MoD investigates claims that Russian hackers swiped sensitive military documents

The Ministry of Defence is investigating claims that Russian hackers have stolen hundreds of sensitive military documents and published them on the dark web. The files hold details of eight RAF and Royal Navy bases as well as Ministry of Defence (MoD) staff names and emails, it is reported.

Cybercriminals reportedly accessed the cache of files by hacking a maintenance and construction contractor called Dodd Group. A Ministry of Defence spokesperson said: "We take a robust and proactive approach to cyber threats that could pose risks to national interests. We are actively investigating claims that information relating to the MoD has been published on the Dark Web.

"To safeguard sensitive operational information, we will not comment any further on the details."

A Dodd Group spokesperson said: "We can confirm that the Dodd Group recently experienced a ransomware incident whereby an unauthorised third-party gained temporary access to part of our internal systems. We took immediate steps to contain the incident, swiftly secure our systems and engaged a specialist IT forensic firm to investigate what happened.

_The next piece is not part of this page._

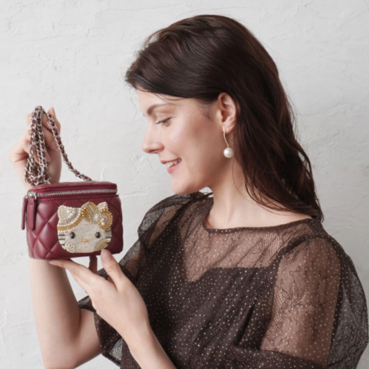 キルティングレザーに、繊細なビーズ刺繍で仕立てたハローキティが輝くミニバッグ。甘すぎず、華やかすぎず、大人の可愛さにちょうどいいバランス。クラシカルな佇まいに、遊び心をさりげなく添えたデザインは、大人の品格をまといながら、心にふわりと灯るときめきを運んでくれるはず。コーデに上品な抜け感と、心ときめくアクセントを。

"While our forensic investigation is ongoing, we are aware of claims that data taken from our systems have been published online. We are taking these claims extremely seriously and are working hard to validate this. We are in contact with our customers and colleagues and have also notified the relevant regulatory authorities and law enforcement."

The Mail On Sunday reported that leaked documents contain information about several sensitive RAF and Navy bases, including RAF Lakenheath in Suffolk, where the US Air Force's F-35 jets are based.

They also include details of contractors' names, car registrations and mobile numbers, as well as MoD personnel's names and email addresses. Some documents accessed by the Russian hackers are marked 'Controlled' or 'Official Sensitive'.

The hack follows a series of high-profile data breaches at the MoD.

Personal data of service personnel and veterans, including names, bank details and some addresses, was in the payroll system, which was accessed in the large-scale hack, revealed last year.

Colonel Phil Ingram, a former member of the Intelligence Corps who also served in Iraq and the Balkans, labelled the breach as a "catastrophic security failure."

He told the Mail on Sunday: "Any sensitive information, from emails to mobile phone numbers, will be useful to our enemies.

"This is yet another embarrassing breach of the MoD's supply chain compromising sensitive data. There doesn't seem to be a week going by without another MoD-related breach and no sign of accountability.

"It is likely a reflection on the creaking IT infrastructure the MoD has, its rigid, outdated processes and simple lack of care."

Up to 272,000 service personnel may have been affected.

The same year, the Government covertly set up the Afghanistan Response Route for people in the country whose details were leaked "in error" by a defence official in February 2022.